Passkeys are not deployed directly to every application — they are deployed to the Identity Provider, which then provides SSO access to applications. This concentrates the passkey implementation to one system.

Okta

Okta supports FIDO2 WebAuthn as an authenticator factor. Configure WebAuthn as a factor in authentication policies; set it as the required factor for privileged applications and zero-trust access policies. Okta FastPass extends this to device-trust verification alongside the FIDO2 challenge.

Microsoft Entra ID

Entra ID supports Windows Hello for Business (device-bound passkey using Windows TPM), FIDO2 security keys, and Microsoft Authenticator passkeys. Configure Conditional Access policies to require phishing-resistant MFA for privileged roles and sensitive applications. Entra ID's Temporary Access Pass supports bootstrapping passkey enrollment for new devices.

Ping Identity / ForgeRock

Ping Workforce and ForgeRock support WebAuthn authenticator as a factor in adaptive authentication policies. Suitable for heterogeneous environments with mixed IdP deployments.

Google Workspace

Google supports passkeys natively for Google account authentication, and Google Cloud supports FIDO2 for admin console access. For Workspace users, Google's passkey support means end users can enable passkeys on consumer Google accounts used for Google SSO.

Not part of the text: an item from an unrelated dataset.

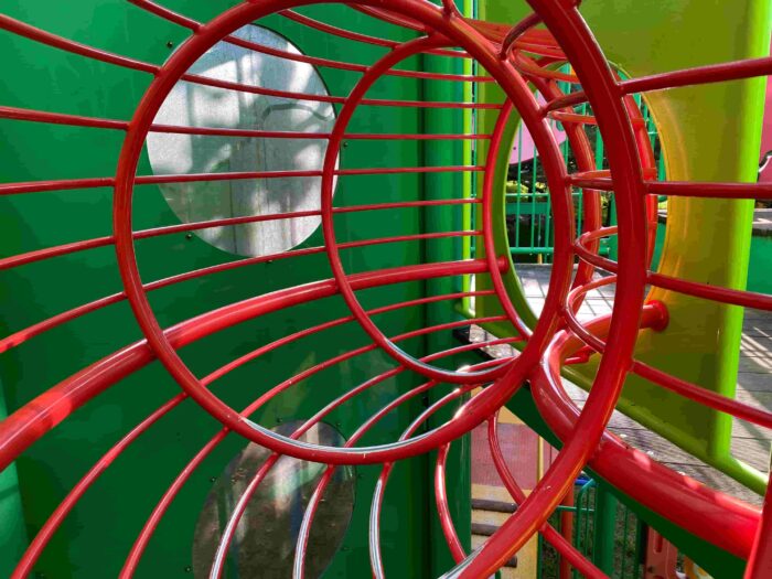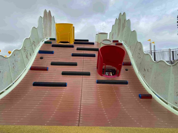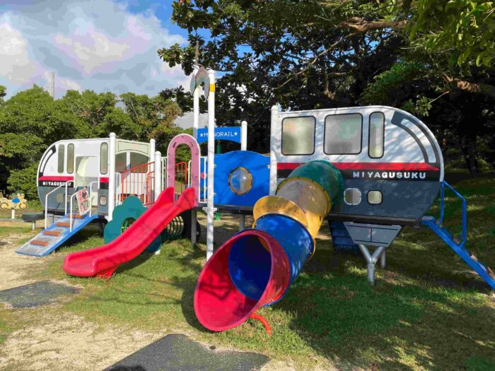 ゆいレールの形をした遊具や、可愛いカラフルな遊具も人気です。

Device Management Requirements

Enterprise passkey deployment requires coordination with device management to ensure FIDO2 authenticators are trusted and properly attested.

TPM requirement for Windows Hello for Business

Windows Hello for Business stores private keys in the device TPM. Devices without TPM 2.0 cannot use Windows Hello for Business as a passkey. Verify TPM availability and version across your Windows fleet before planning Windows Hello deployment. Most devices manufactured after 2017 have TPM 2.0.

Attestation verification

Enterprise IdPs can verify FIDO2 authenticator attestation — cryptographic proof of the authenticator model and manufacturer. This allows policies that only permit passkeys from attested authenticators (organization-managed devices with TPM, or approved security key models). Prevents users from registering low-assurance authenticators (unmanaged phones) for privileged access.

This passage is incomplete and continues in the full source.